April 16, 2015 Society

We Need a Worldwide Effort in the Capacity Development of Water Professionals

Technician servicing the gas boiler for hot water and heating

In many countries the lack of adequate human capacity at all levels is the most important inhibiting factor for progress in water management. IWA’s recent study, An Avoidable Crisis, WASH Human Resource Capacity Gaps in 15 Developing Economies, shows how the lack of capacity has many different faces in different places. If we are to have any chance of meeting the future Sustainable Development Goals, we need an unprecedented worldwide effort in the capacity development of water professionals.

Water management is a complex multi-disciplinary topic and water professionals, therefore, come in many different forms and shapes. Engineers, social scientists, famers, accountants, plumbers, lawyers, communications experts, managers, economists, geographers – to name a few – are all involved in water management as ‘water professionals’. As water touches upon so many fields of expertise and know how – building capacity on water management is not an isolated effort in a few engineering schools.
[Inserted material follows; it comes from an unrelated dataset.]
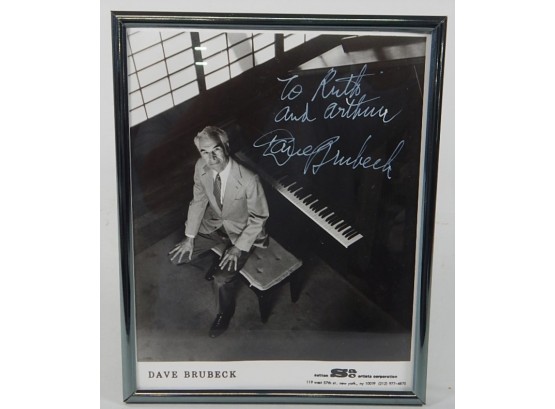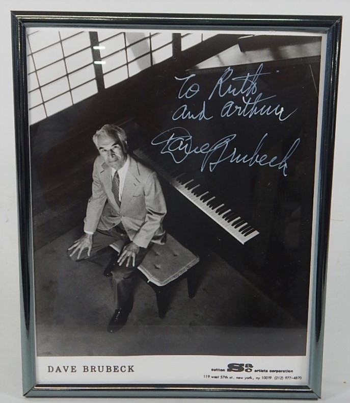 Listed is a black and white photograph of Dave Brubeck, autographed. It measures 8" x 10". In very good condition.
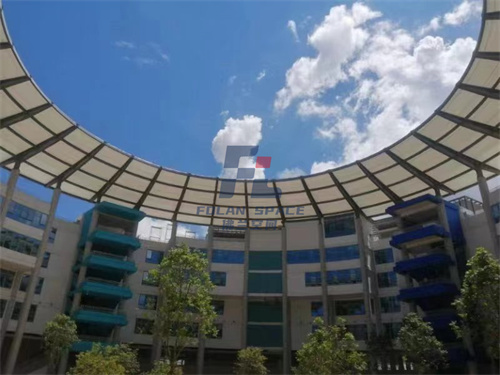 該學(xué)校天幕使用的是PVDF高透光膜材,無論白天還是夜晚,都可以透過它看到天空,是名副其實(shí)的天幕。這種高透光性使得天幕在白天能夠提供充足的自然光照,而在夜晚則可以與燈光結(jié)合,營造出絢麗的視覺效果。

The water training that goes with the new water culture has to be built in the entire national education systems from university courses to vocational training.

Successful examples of development of capacities of water professionals at scale, all have at least two elements in common:

  • There is at least one strong professional association at national level that is connected to the international water professionals network;
  • There is a strong linkage between science, technology and practice, furthering the adoption of innovation from both a pull and push side.

National professional associations have a vital role to play in maintaining and building the professionalism in the water sector, as is the case in many countries. Some of the best associations represent a broad set of professional backgrounds and bring together a wide variety of individual professionals from practice to academia, from technology to communications.

Through representing multiple stakeholders, these associations are able to support the development of national standards, diverse training courses or providing network opportunities for water professionals. All these are critical for developing a thriving national water sector that is capable of addressing the water challenges of today and tomorrow.

The second core element is the close linkage between academia and practice. To achieve this goal it is important for local universities to be part of the solution to local and regional problems. Linking science with practice, universities with public administration and utilities enables them to educate students to analyse national or local water problems and find appropriate solutions adapted to local circumstances.

International associations, such as the IWA – the International Water Association, take a similar approach on a global level and therefore support and co-operate with national associations. They provide the international platform and network of water professionals necessary to make globally available progress in science, technology, economics and policy. This makes a significant contribution to enhancing water development. In order to bridge the language and cultural gap between different global regions, the IWA’s network covers almost every country in the world and has an increased focus on developing regional hubs.

Developing and empowering future water leaders is a critically important aspect of this. The IWA Young Water Professionals (YWP) is devoted to this goal. National YWP chapters are supported by national IWA governing members, and by the IWA secretariat, particularly in the areas of communication, quality control and logistics.

The limiting factors for the development of sustainable water management are different in different regions; local situations have to be understood and solutions found to address them. In our experience finances are not always the limiting factor. Instead, the lack of human capacity, inadequate priority setting at the political level, and a lack of a comprehensive understanding of the regional and local water situations are far more likely to become barriers to progress.